So we stopped using this.
We realised HTML was very important. For instance chemistry articles featured chemical formulae which needs subscript which requires HTML.

Consider how HTML is needed to generate summaries for content where subscript is important such as the chemical formula of water, shown here. Text from the English Wikipedia article on water, CC BY-SA 3.0; image by Kim Hansen, CC BY-SA 3.0.

Many of our articles, begin with location information and pronunciation information. A lot of this content didn’t belong in our summaries and for other content it was less clear what belonged. The summaries had a lot of design input and we identified which content shouldn’t appear inside a preview. We wrote up a specification capturing the required behaviour.

Location information features at the beginning of many articles proving problematic for summarising Wikipedia articles…

… as does pronunciation information.

In the end we decided to build on top of an API that was originally built for our native Android and iOS apps. We created a new API specifically for this purpose.
We now generate the summary from the entire article HTML. We parse it just like a browser and per the specification identify the first “non-empty” lead paragraph of every article.
One of the big challenges here, was the decision to strip content inside parentheses. Since we support over 300 languages this had to be localised (not everyone uses the same character set!).
Not only that, but of course some parentheses are vital… edge cases are everywhere. We had to think about all their potential usage and how best to do them.
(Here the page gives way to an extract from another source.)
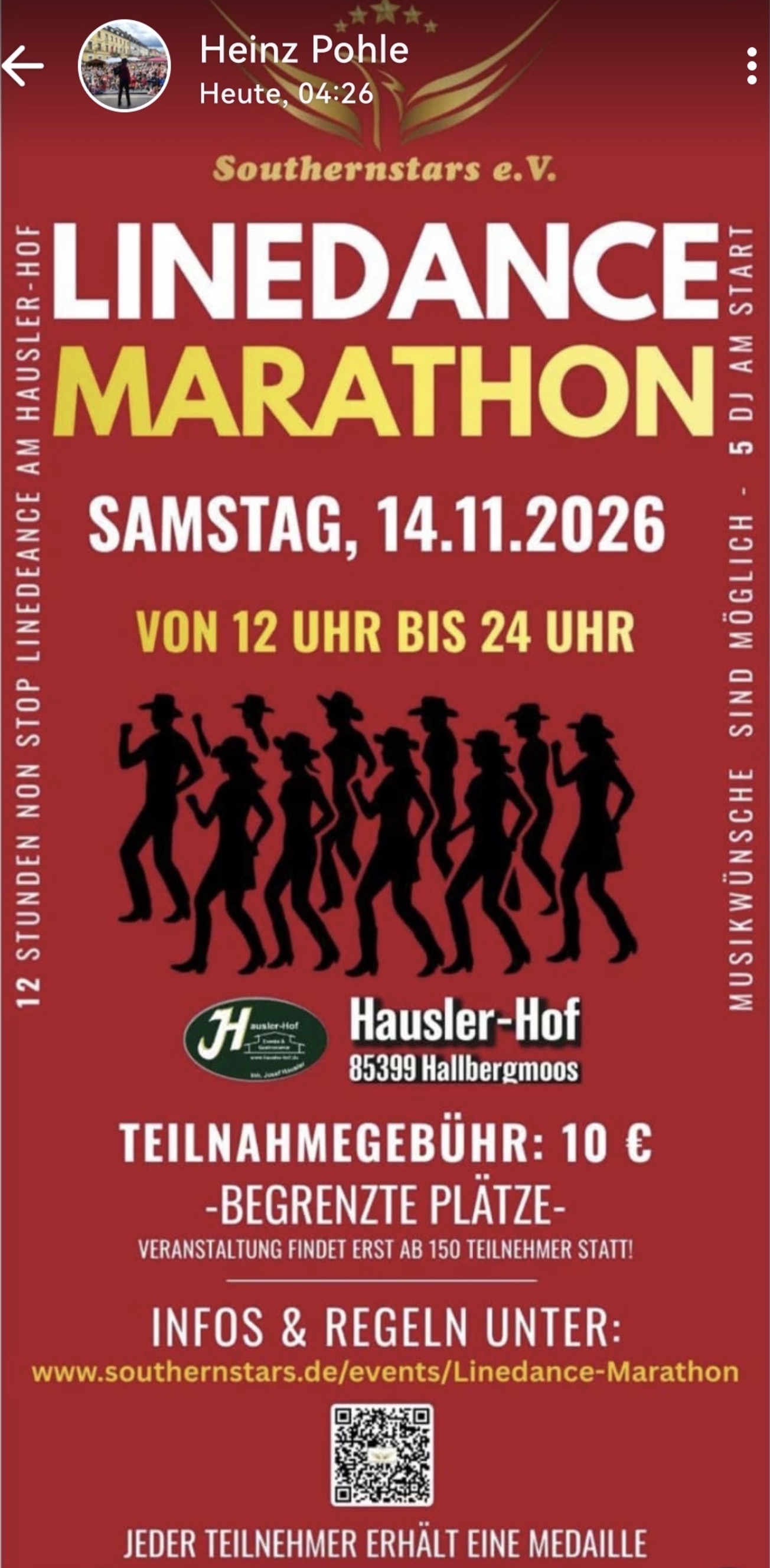 Der Southernstars e.V. veranstaltet am 14. November 2026 den ersten Line Dance Marathon in Bayern. Ihr könnt euch direkt bei den Southernstars oder aber über mich anmelden. Es wäre schön cool, wenn die Oberpfalz stark vertreten wäre.
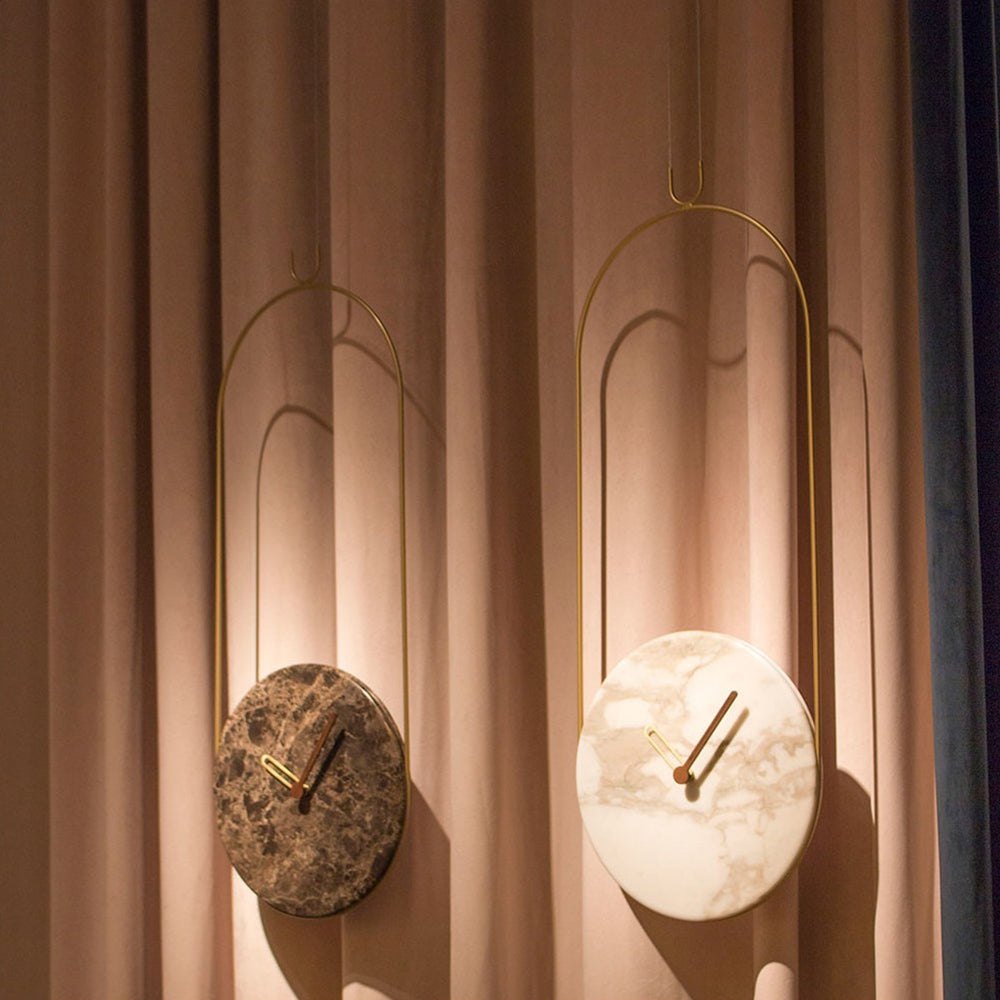 Suspended in a delicately proportioned balance, Colgante features a slim oval that frames the wall clock’s face fashioned in solid walnut wood or genuine marble in a choice of luxurious varieties. Handmade in Spain, Nomon’s timepieces offer the finish of a fine piece of furniture and are precision-powered by a German-origin quartz

Sometimes content inside parentheses is important, as this example suggests. Identifying when they are important is hard. Text from the English Wikipedia article on the periodic table, CC BY-SA 3.0; image by Offnfopt, public domain.
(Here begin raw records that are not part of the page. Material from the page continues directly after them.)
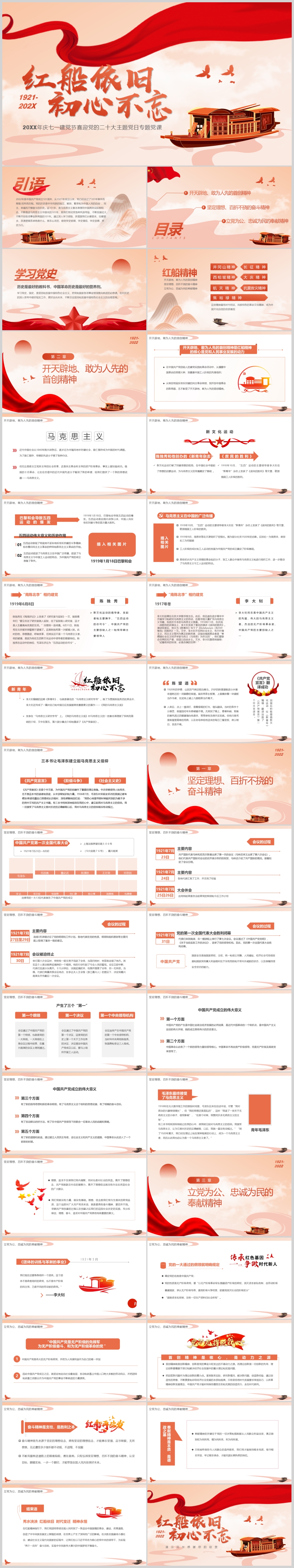 2022喜迎二十大七一建党节红船依旧初心不忘党课ppt模板(内含WORD演讲稿)
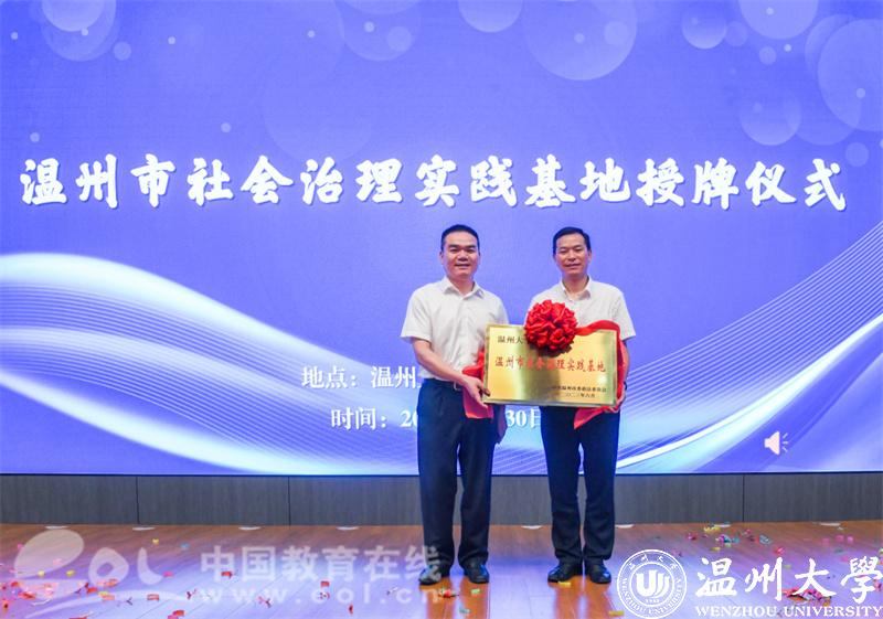 市委政法委黄建斌副书记为香蕉视频 授温州市社会治理实践基地牌,教育学院党委书记、社会心理服务中心主任何毅教授揭牌。
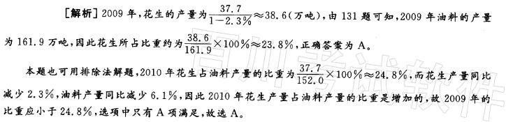 问题 2010年,江苏省全年粮食总产量达3235. 1万吨,比上年增加5万吨;其中夏粮1105. 3万吨,增长0. 2%;秋粮2129. 8万吨,增长0.1%。全年粮食面积为528. 2万公顷,比上年增加1. 0万公顷;棉花面积为23. 6万公顷,减少1. 7万公顷;油料面积57. 4万公顷,减少1. 9万公顷;蔬菜面积121. 3万公顷,增加6. 5万公顷。 2010年,江苏省全年肉类总产量366. 6万吨,比上年增长6. 5%,其中猪牛羊肉产量224. 0万吨,增长4.1%;禽肉产量132. 7万砘,增长10. 2%。禽蛋总产量190.6万吨,增长2.9%。全年水产品总产量459. 5万吨,增长3. 7%,其中淡水产品324. 0万吨,海水产品135. 5万吨,分别增长3. 6%和3. 9%。 2009年,江苏省油料产量中,花生产量所占的比重约为( )。 A. 23.8% B. 24.8% C. 25.2% D. 28.6%
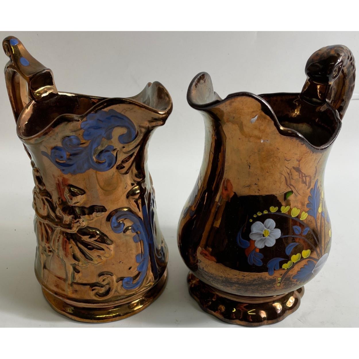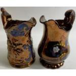 Two vintage LUSTRE CERAMIC JUGS one with a swan necked handle and a design of blue, white and yellow flowers , and the other has an embossed pictures of two figures dancing (both have a slight crack on the interior of the jug not visible from the outside), both stand approx 20cm tall.
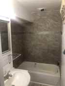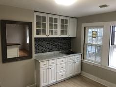 Bright kitchen with subway tile and bar island and new gray wooden floors.

Stripping parenthetical elements from user-generated HTML also turned out to be quite difficult. Whereas doing so in plain text requires a simple regular expression, things get more complicated when you consider nested HTML.
It was important to ensure the content continued to make sense with the content inside parentheses stripped and that we that we didn’t add any security vulnerabilities.
Thanks go to our Infrastructure team for helping us build out this API.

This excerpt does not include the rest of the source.